The battle against “fake news” in the workplace will come to a head

In 2019, we saw the proliferation of “fake news” spill out of the political sphere and make its way into organisations. Companies are now battling new frontiers we’ve never seen before - from the fight against deepfakes, to “digital water coolers” running rampant among employees, to the spread of social and collaboration platforms that make it easy for anyone to spread disinformation. And all the while, employee engagement is only becoming more critical, as organisations must effectively engage and retain employees to win the war for talent. In 2020, these forces will come to a head for business leaders as they look to combat the infiltration of “fake news” and deliver a unified message to employees. Organisations will risk losing trust and transparency with their workforce or turn to new strategies, such as creating a single source of truth for company communications, establishing “truth ambassadors” as trusted sources and building mechanisms for transparency and feedback.

 

Expect increased investment in employee engagement to keep up with digital workplace challenges. 

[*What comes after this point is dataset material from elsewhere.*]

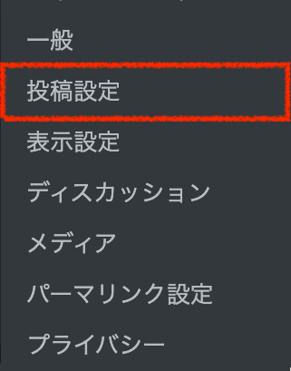 投稿に関する設定はここでします。投稿する記事のカテゴリーなどを設定できます。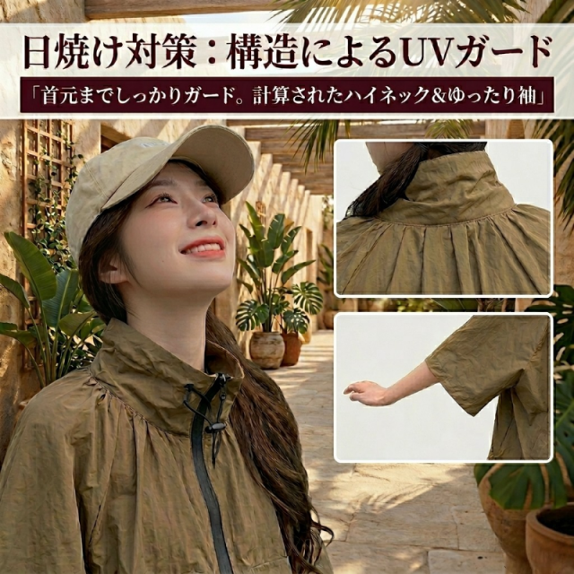 構造によるUV対策: 首後ろの日焼けを防ぐ計算されたハイネック仕様。

Amid the digital workplace shift, current technologies will be exchanged for new ones and new solutions adopted internally, as organisations race to create a more connected, engaged and productive workforce. The employee engagement space will be one to watch as investment continues in collaboration and “productivity” tools like Slack, which are often touted as an answer to this issue of employee engagement. But with so many devices and employee preferences in play, the type of peer-to-peer communication offered by these tools doesn’t deliver the alignment that companies are really after. Companies will need to focus on a multi-channel strategy and delivering information, from benefits updates to compliance training to company news, from a unified platform to reach all employees. These types of employee communications platforms will allow managers and supervisors to communicate quickly and seamlessly with team members whether they are behind a desk, in the field or on a factory floor.

 

Ethical leadership will make or break the bottom line

Throughout 2019, a myriad of factors have forced companies to recognise the importance of ethical leadership. From employee protests and walkouts to GDPR and the data privacy troubles of companies like Facebook, ethics has become the crux of both employee satisfaction and business success as employees demand more out of their employers. Especially with forecasts predicting a potential economic slowdown, in 2020 we will see the C-suite grasp ethical practices as a competitive advantage, revamping and restructuring corporate social responsibility programmes and efforts to demonstrate their commitment. Ethical leadership will no longer be an option, but an imperative that directly impacts the bottom line, pushing companies to build ethics into policies and practices, place a renewed focus on company culture and seek ways to measure the impact of their efforts.

 

IT will become more user experience-focused and drive the employee experience. IT can no longer be all about point solutions and ensuring governance, compliance and ticket velocity; it must connect to broader business objectives, as the need to recruit and retain top talent becomes more imperative. As the workforce continues to evolve and organisations shift toward the digital workplace, IT will increasingly focus on employee adoption, usage and the end-user experience, delivering technology and strategies that meet employee demands and rising expectations. That means everything from more automated processes to mobile-first platforms so employees can work faster, smarter and better, wherever they may be. In the coming year, we will see more technology-focused initiatives aimed at supporting a culture of transparency and collaboration and driving organisational alignment, all of which are central to improving the employee experience.

 

 Employee engagement strategies will centre on the multi-generational workforce

We’ve all heard the talk of millennials and Gen Z taking over the workplace, and organisations can no longer ignore this seismic demographic shift when it comes to the employee experience. Businesses today are facing an employee engagement crisis, grappling with more factors and distractions among employees than ever before - from decreased attention spans to the proliferation of chat tools, social platforms and consumer-like technologies that have changed how employees consume information. With so many varied preferences, behaviours and devices across generations, organisations will need to adopt a multi-generational, multi-channel engagement strategy in order to win employees’ mindshare in 2020. This type of approach allows for flexibility, targeting and personalisation so businesses can deliver the right message to the right demographic - and retain workers before they go elsewhere.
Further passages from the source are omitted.